In that case the path that involves the ball having always been at the top of the dome will not be consistent, under the 2nd law, with the current state of the cannon or the cue stick (eg heat, momentum) Also, the momentum of the dome will be different in both cases, as the ball transfers its horizontal momentum to the dome (3rd law) as it climbs to the top. — andrewk

I had always assumed that the equation of motion of the ball (away from the potential bifurcation point) was as given in Norton's paper. For this solution to be exact, the potential motion of the dome is neglected. It this had not been the case, the force that maintains the dome up against gravity would have to be specified, as well as the dome's mass, moment of inertia, etc. Those complications would seem to be quite beside the issue being discussed in the paper (or in this thread). The surface of the dome is better conceived as a strict restriction on the range of motion of the ball, providing a reaction force just as strong as needed to keep the sphere along this mathematically defined surface.

In that case it is impossible for the ball to roll up the dome, because there is nothing to give it the necessary upward impulse. So if we observe it sitting at the top of the dome, the only possible history is that it has always been there. This can all be derived from the 2nd law alone. The 1st law is not needed. — andrewk

I don't see any reason why a physical system can't have some of its components initially in a state of motion. Velocity is relative to an inertial referential frame anyway. If it was initially at rest in some inertial frame, then it was initially moving relative to another inertial frame. And the laws of classical mechanics are Galilean-invariant. Les us assume that the ball has been shot up with a canon, or hit with a cue stick, if you like. The laws of motion govern its state of motion, thereafter, from the time after it was shot (or hit) right up until the time when it reaches the top of the dome.
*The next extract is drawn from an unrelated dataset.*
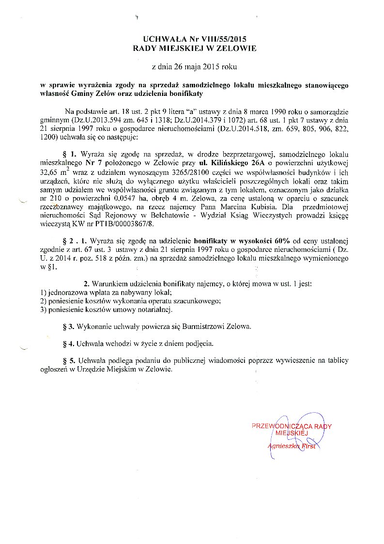 | Tytuł aktu prawnego - skrócony: | w sprawie wyrażenia zgody na sprzedaż samodzilnego lokalu mieszkalnego stanowiącego własnośc Gminy Zelów oraz udzielenia bonifikaty |

I am assuming that the dynamical equations, together with whatever supplementary laws might be posited, which govern the system determine the set of the physically possible histories of the system. I am assuming that the system consists in the dome, the ball bearing, the ambient gravitational field, and nothing else. The physically possible histories are being represented by trajectories in phase space. The system is deemed deterministic (in the time-asymmetrical sense) if the set of all the physically possible trajectories in phase space present no bifurcations. A backward looking bifurcation at T would consist in a case where two or more partial histories of the system before T would be consistent (in respect of physical possibility) with the same unique partial history after T. Your law seems to allow for this possibility.
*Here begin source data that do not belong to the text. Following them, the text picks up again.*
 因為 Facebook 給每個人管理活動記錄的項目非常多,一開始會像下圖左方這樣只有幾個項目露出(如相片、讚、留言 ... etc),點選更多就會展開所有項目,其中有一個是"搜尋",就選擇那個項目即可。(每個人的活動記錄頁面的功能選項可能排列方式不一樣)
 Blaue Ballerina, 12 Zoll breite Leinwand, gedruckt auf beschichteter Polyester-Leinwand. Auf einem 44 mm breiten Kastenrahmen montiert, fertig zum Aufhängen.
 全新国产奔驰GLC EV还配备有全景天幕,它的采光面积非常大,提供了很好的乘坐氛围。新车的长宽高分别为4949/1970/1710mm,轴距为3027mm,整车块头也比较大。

Also, since the laws of classical mechanics are symmetrical with respect to time, it's deemed to be impossible to tell if a movie depicting a segment of the history of a mechanical system is running forwards or backwards. But if your law were governing a system, and a movie was shown of a ball rolling up a Norton dome and coming to rest at the top, then it would be possible to tell for sure that the movie is being run forwards since the time-reversal of this scenario would be physically impossible.